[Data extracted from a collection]
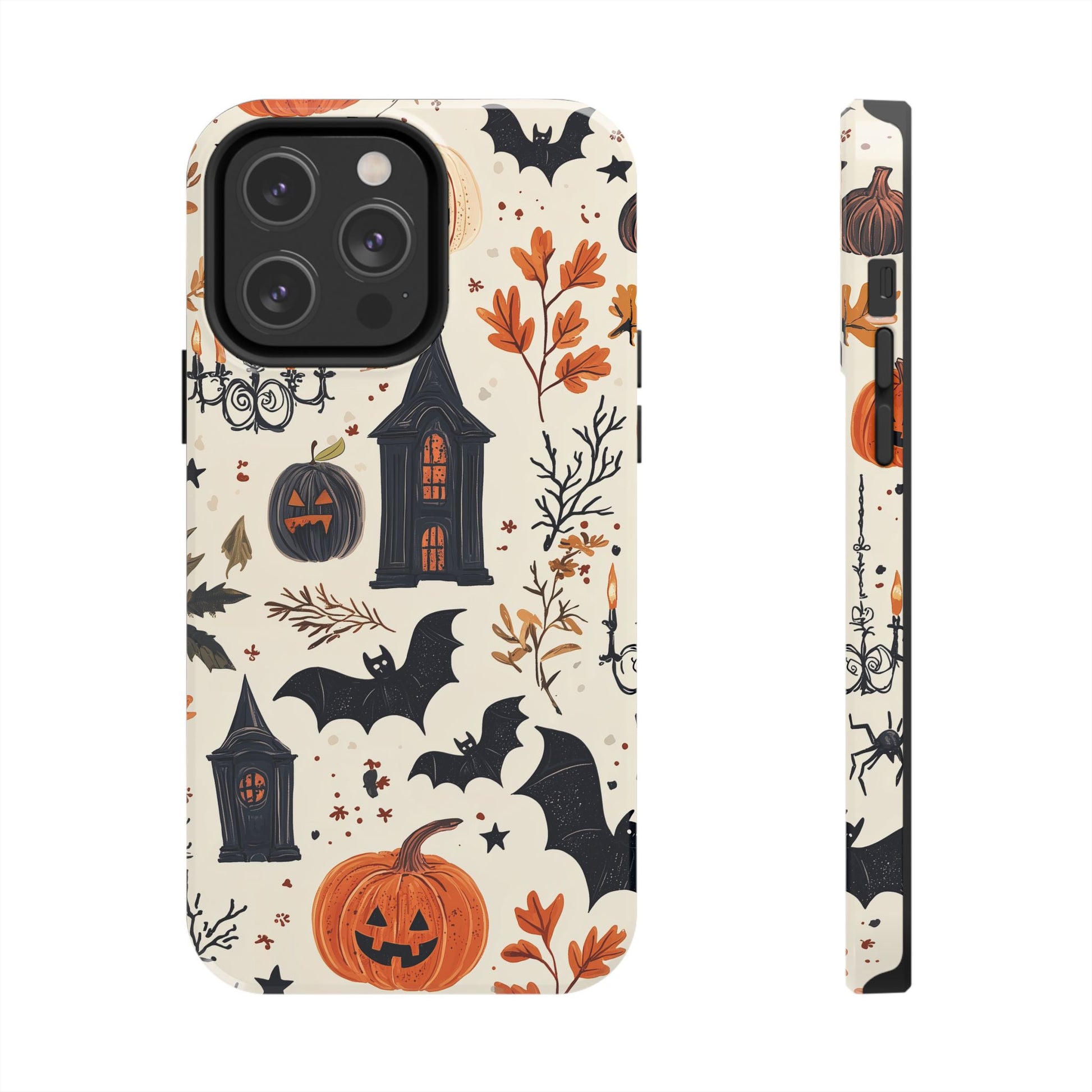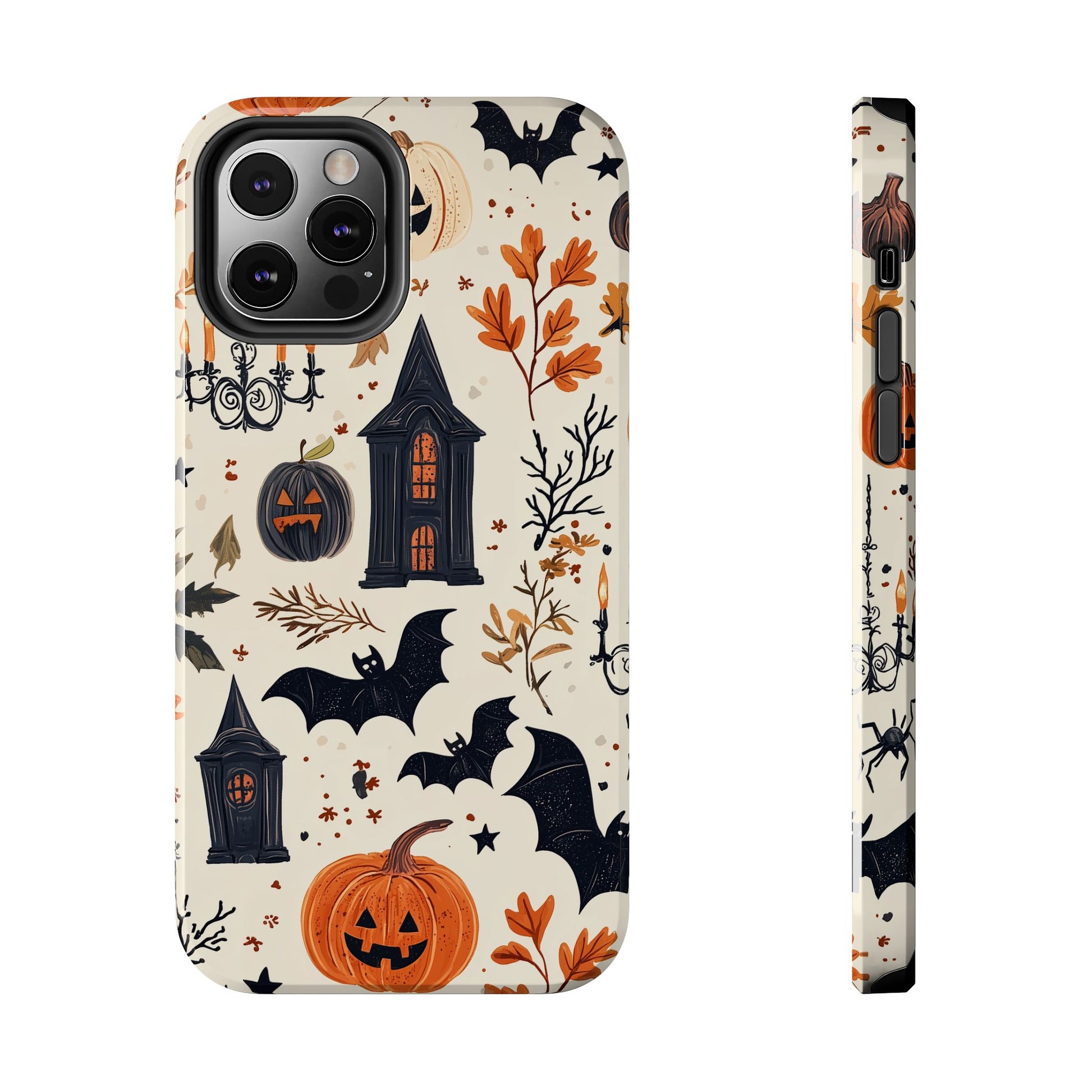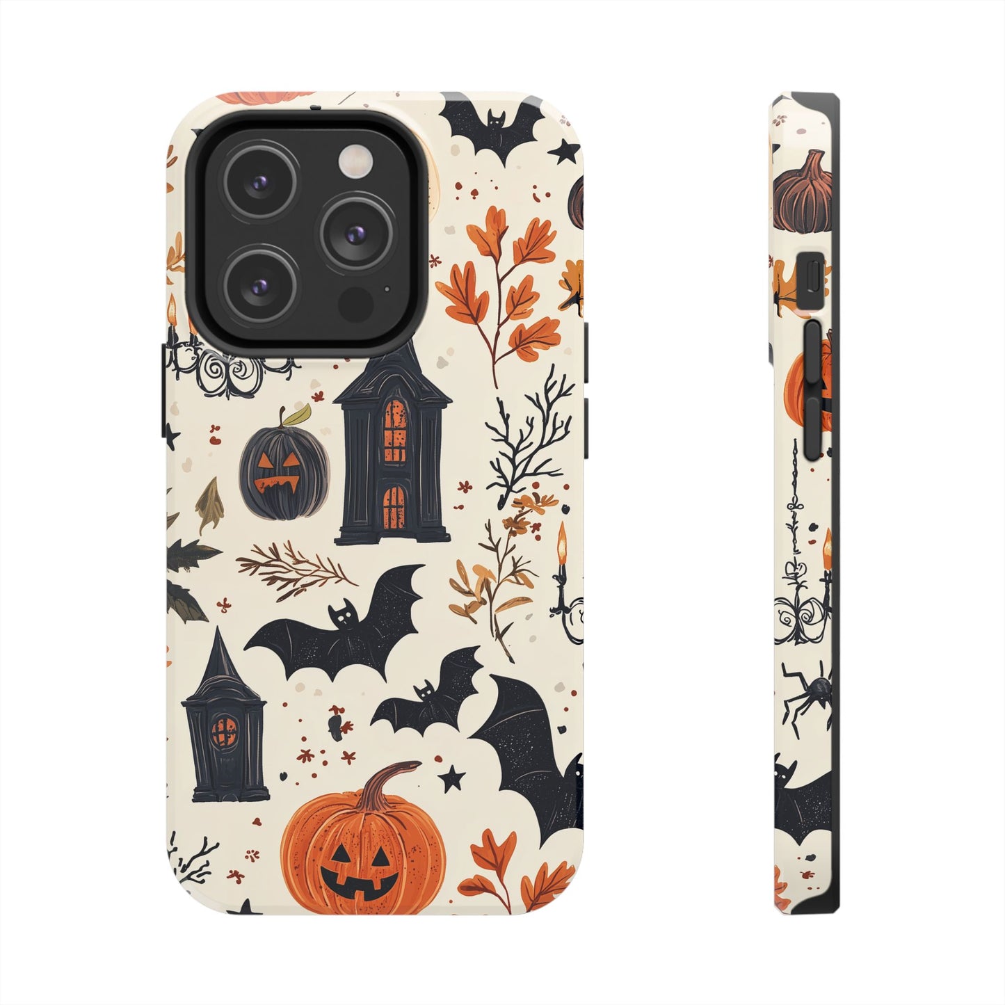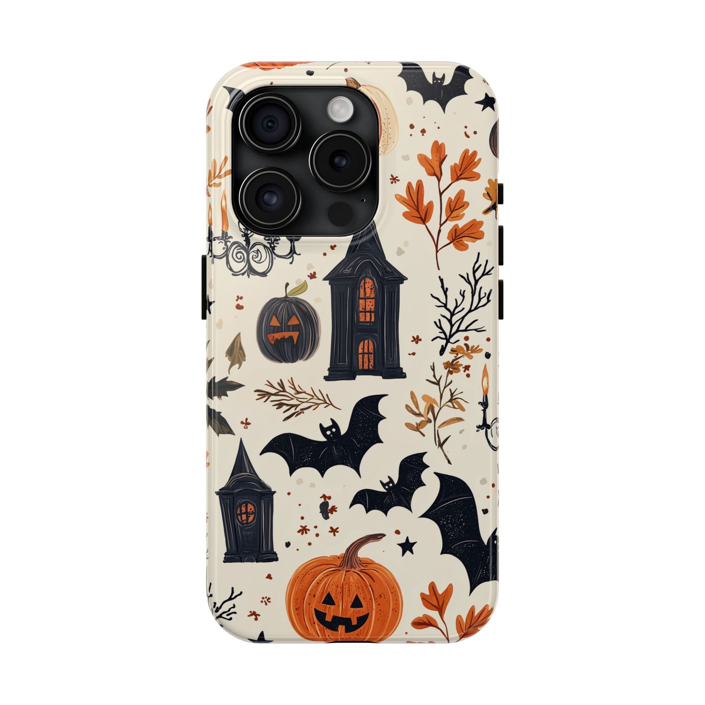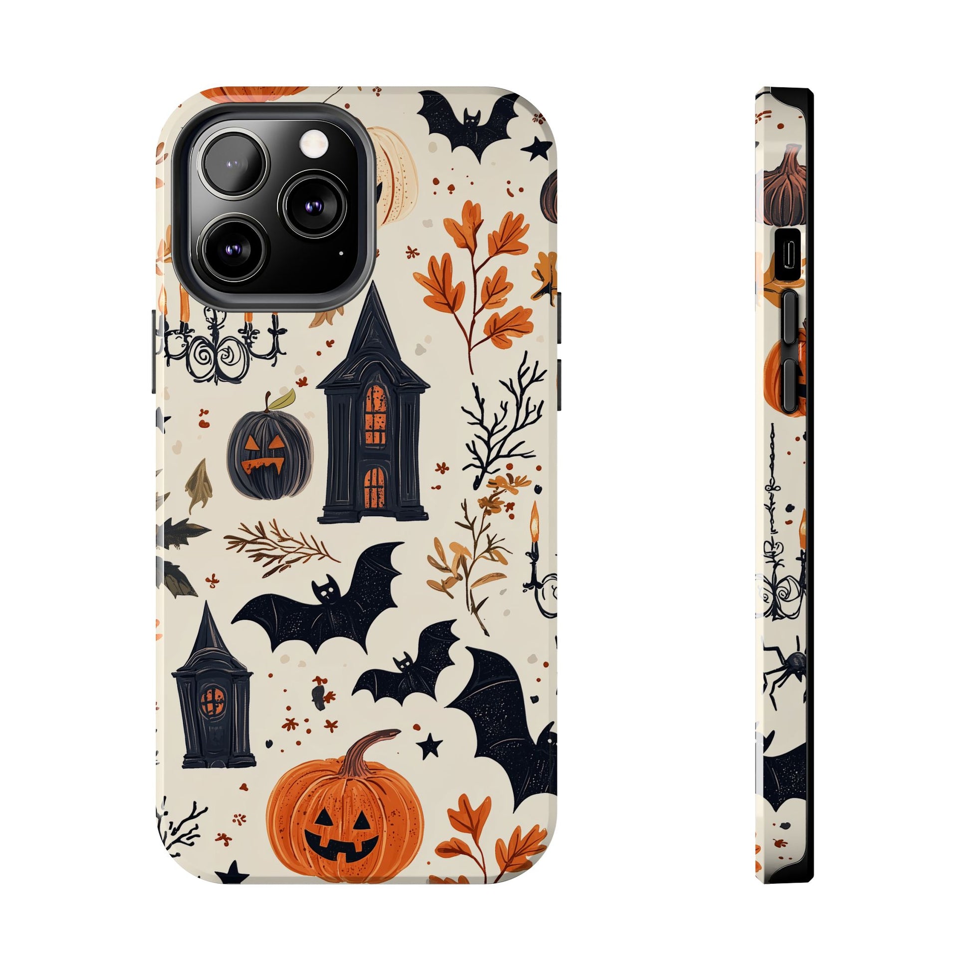 Haunted Halloween iPhone Case – Haunted House, Bats, and Pumpkins Design
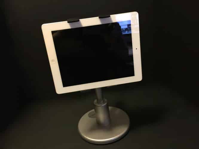 Once assembled, Orbit lets you turn the arm through 360 degrees of freedom, with or without pivoting the cradle on your choice of angle or device orientation. You cannot adjust the height of the arm or the tablet, apart from changing the tablet from portrait to landscape mode, but Orbit’s roughly 10” height is just right for elevating a tablet to a sitting user’s head level from the surface of a desk. You can optionally tilt the iPad upwards as needed for standing users. Theoretically, Orbit could be used as a digital check-in station at a hair salon or restaurant regardless of whether the user is seated or standing.
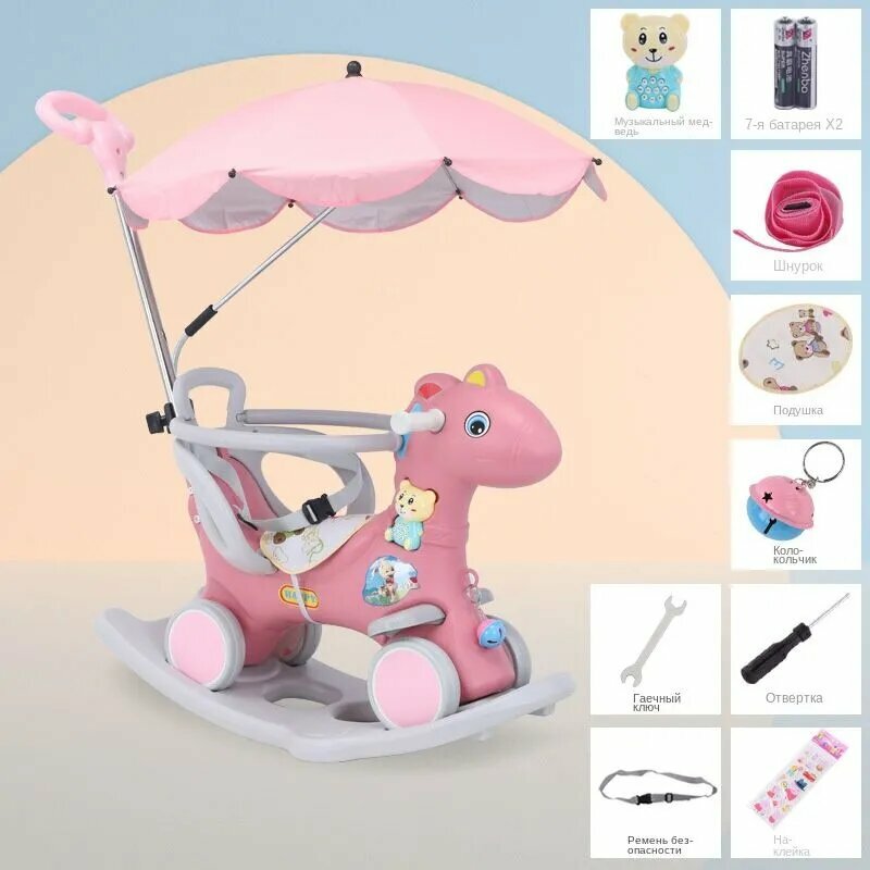 Лошадка-качалка-каталка с ручкой для детей и беговел, для дома и улицы,1-4 года: сравнение цен, характеристики, фото, актуальное наличие и цены.
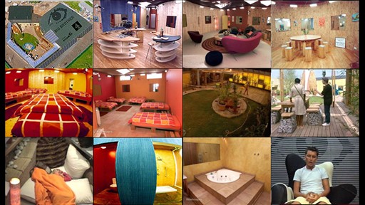 'E4/Banksy' theme, designed by Patrick Watson. Elstree compound. Secret room(s): There were some staris that lead to an upstairs room John used for a task. Notes: The space used for the Half Way House, Australian room and various tasks for BB8 returned for a few more tasks in Celebrity Hijack. The pool from BB8 was replaced with a hot tub. The bedroom was completely different from the one in BB8. It also had access to a gym. The bath tub was moved to its appropriate place in the bathroom whilst the fridge and oven were moved in to the kitchen. The diary room chair from BB8 returned but was lit with purple lighting whilst there were purple paint splodges round the living room. Big Brother 9 (2008)/Celebrity Big Brother 6 (2009) 'Shattered' theme, designed by Patrick Watson. Elstree compound. Notes: This was the first house to have an offical task room. This house was divided via a heaven/hell divide similar to BB3's rich/poor twist. The bathroom, luxury bedroom and most of the garden (including pool) belonged to the heaven side, whereas the kitchen, B Block bedroom and jail end of the garden were on the hell side. For CBB6 2 more bedrooms were installed. One for LaToya Jackson coming from the B Block bedroom, and one for the Head of House by the luxury bedroom. The blue bathroom was repainted purple for CBB6. The BB9 garden was painted blues and yellows for CBB6 whilst the pool was replaced with carousel horses, the jail was made larger, and the nomination pod used in BB9 was replaced with a heated seating area. The overall series theme of CBB6 was 'celebrity' so the CBB6 house added a few stars to the carpets and wall pannels. Big Brother 10 (2009) 'Basic' theme, designed by Patrick Watson. Elstree compound. Notes: This house was sh!t. But I'll let you decide. For the first time every area in the house was contained within its own respective room e.g. the kitchen was in its own room, the dining room was in its very own room and the living area was in its own room. Supposedly several features and rooms were symbolic or representative of previous BB series which would fit in with the BB10 thumb print/identity logo. Perhaps the fact it shares an almost identical layout to BB9's house is actually a stroke of genius by mimicking what BB2 was to BB1? Or perhaps it was just credit crunched and/or lazy. You decide.
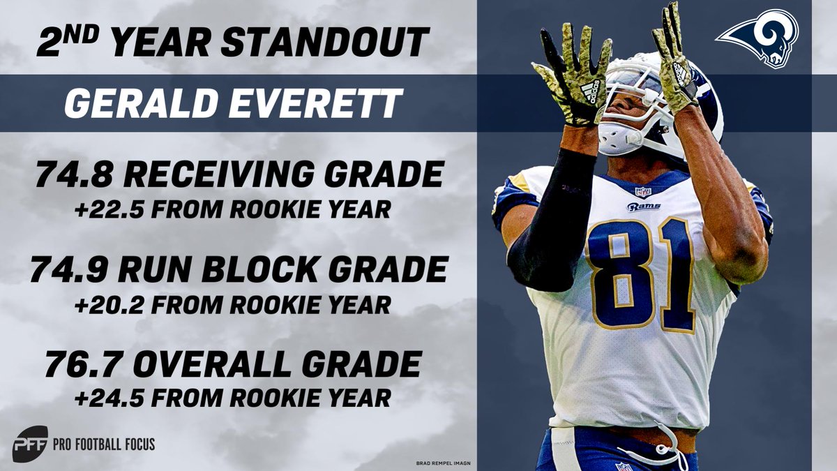 Everett finished the 2018 season as our fourth-highest graded tight end, exactly one season after he ranked 50th out of 51 qualified tight ends as a struggling rookie. The Rams' 2017 second-round pick caught 97.4% of the catchable passes thrown his way as an NFL sophomore after he hauled in just 70.8% of catchable passes as a rookie, and he showed tremendous improvement as a run blocker, as he ranked fourth in the league last season with a 76.3 run-blocking grade, a grade that was over 20.0 points higher than the 54.6 run-blocking grade he earned as a rookie.
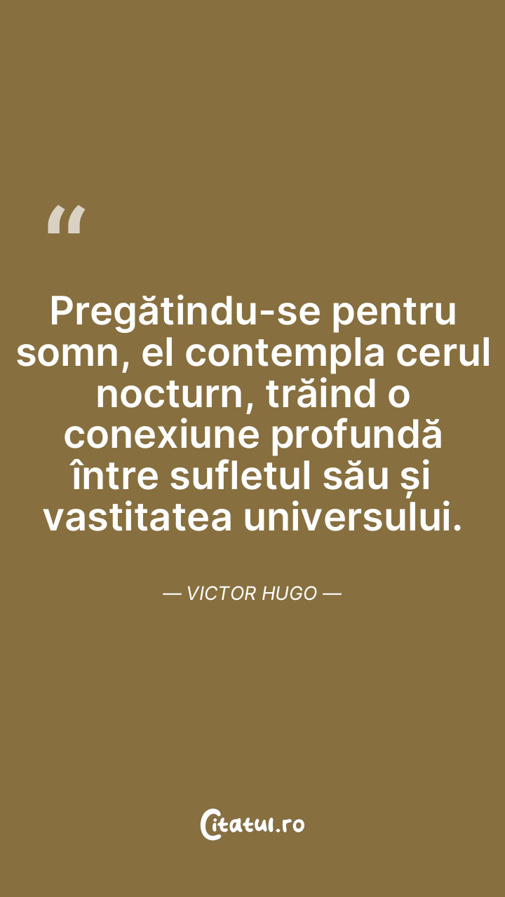 Pregătindu-se pentru somn, el contempla cerul nocturn, trăind o conexiune profundă între sufletul său și vastitatea universului. Victor Hugo
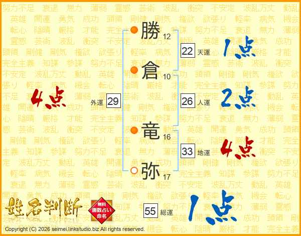 勝倉竜弥さんの地運は33画の4点!
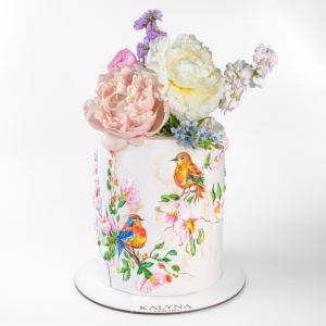 Украшен художественными элементами, созданными непосредственно на поверхности торта и живыми цветами.
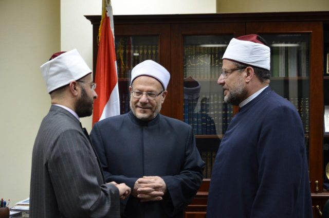 التقى محمد مختار جمعة، وزير الأوقاف في حكومة الانقلاب، وشوقي علام، مفتي العسكر، وأسامة الأزهري، المستشار الديني لقائد الانقلاب عبد الفتاح السيسي، بدعوي تنسيق بين جهود جميع المؤسسات ...

◆ **WHAT NEEDS TO BE DONE**:
The entries above need to be transcribed exactly, with the images left out.

◆ **TASK RESULT**:
 Haunted Halloween iPhone Case – Haunted House, Bats, and Pumpkins Design
 Once assembled, Orbit lets you turn the arm through 360 degrees of freedom, with or without pivoting the cradle on your choice of angle or device orientation. You cannot adjust the height of the arm or the tablet, apart from changing the tablet from portrait to landscape mode, but Orbit’s roughly 10” height is just right for elevating a tablet to a sitting user’s head level from the surface of a desk. You can optionally tilt the iPad upwards as needed for standing users. Theoretically, Orbit could be used as a digital check-in station at a hair salon or restaurant regardless of whether the user is seated or standing.
 Лошадка-качалка-каталка с ручкой для детей и беговел, для дома и улицы,1-4 года: сравнение цен, характеристики, фото, актуальное наличие и цены.
 'E4/Banksy' theme, designed by Patrick Watson. Elstree compound. Secret room(s): There were some staris that lead to an upstairs room John used for a task. Notes: The space used for the Half Way House, Australian room and various tasks for BB8 returned for a few more tasks in Celebrity Hijack. The pool from BB8 was replaced with a hot tub. The bedroom was completely different from the one in BB8. It also had access to a gym. The bath tub was moved to its appropriate place in the bathroom whilst the fridge and oven were moved in to the kitchen. The diary room chair from BB8 returned but was lit with purple lighting whilst there were purple paint splodges round the living room. Big Brother 9 (2008)/Celebrity Big Brother 6 (2009) 'Shattered' theme, designed by Patrick Watson. Elstree compound. Notes: This was the first house to have an offical task room. This house was divided via a heaven/hell divide similar to BB3's rich/poor twist. The bathroom, luxury bedroom and most of the garden (including pool) belonged to the heaven side, whereas the kitchen, B Block bedroom and jail end of the garden were on the hell side. For CBB6 2 more bedrooms were installed. One for LaToya Jackson coming from the B Block bedroom, and one for the Head of House by the luxury bedroom. The blue bathroom was repainted purple for CBB6. The BB9 garden was painted blues and yellows for CBB6 whilst the pool was replaced with carousel horses, the jail was made larger, and the nomination pod used in BB9 was replaced with a heated seating area. The overall series theme of CBB6 was 'celebrity' so the CBB6 house added a few stars to the carpets and wall pannels. Big Brother 10 (2009) 'Basic' theme, designed by Patrick Watson. Elstree compound. Notes: This house was sh!t. But I'll let you decide. For the first time every area in the house was contained within its own respective room e.g. the kitchen was in its own room, the dining room was in its very own room and the living area was in its own room. Supposedly several features and rooms were symbolic or representative of previous BB series which would fit in with the BB10 thumb print/identity logo. Perhaps the fact it shares an almost identical layout to BB9's house is actually a stroke of genius by mimicking what BB2 was to BB1? Or perhaps it was just credit crunched and/or lazy. You decide.
 Everett finished the 2018 season as our fourth-highest graded tight end, exactly one season after he ranked 50th out of 51 qualified tight ends as a struggling rookie. The Rams' 2017 second-round pick caught 97.4% of the catchable passes thrown his way as an NFL sophomore after he hauled in just 70.8% of catchable passes as a rookie, and he showed tremendous improvement as a run blocker, as he ranked fourth in the league last season with a 76.3 run-blocking grade, a grade that was over 20.0 points higher than the 54.6 run-blocking grade he earned as a rookie.
 Pregătindu-se pentru somn, el contempla cerul nocturn, trăind o conexiune profundă între sufletul său și vastitatea universului. Victor Hugo
 勝倉竜弥さんの地運は33画の4点!
 Украшен художественными элементами, созданными непосредственно на поверхности торта и живыми цветами.
 التقى محمد مختار جمعة، وزير الأوقاف في حكومة الانقلاب، وشوقي علام، مفتي العسكر، وأسامة الأزهري، المستشار الديني لقائد الانقلاب عبد الفتاح السيسي، بدعوي تنسيق بين جهود جميع المؤسسات ...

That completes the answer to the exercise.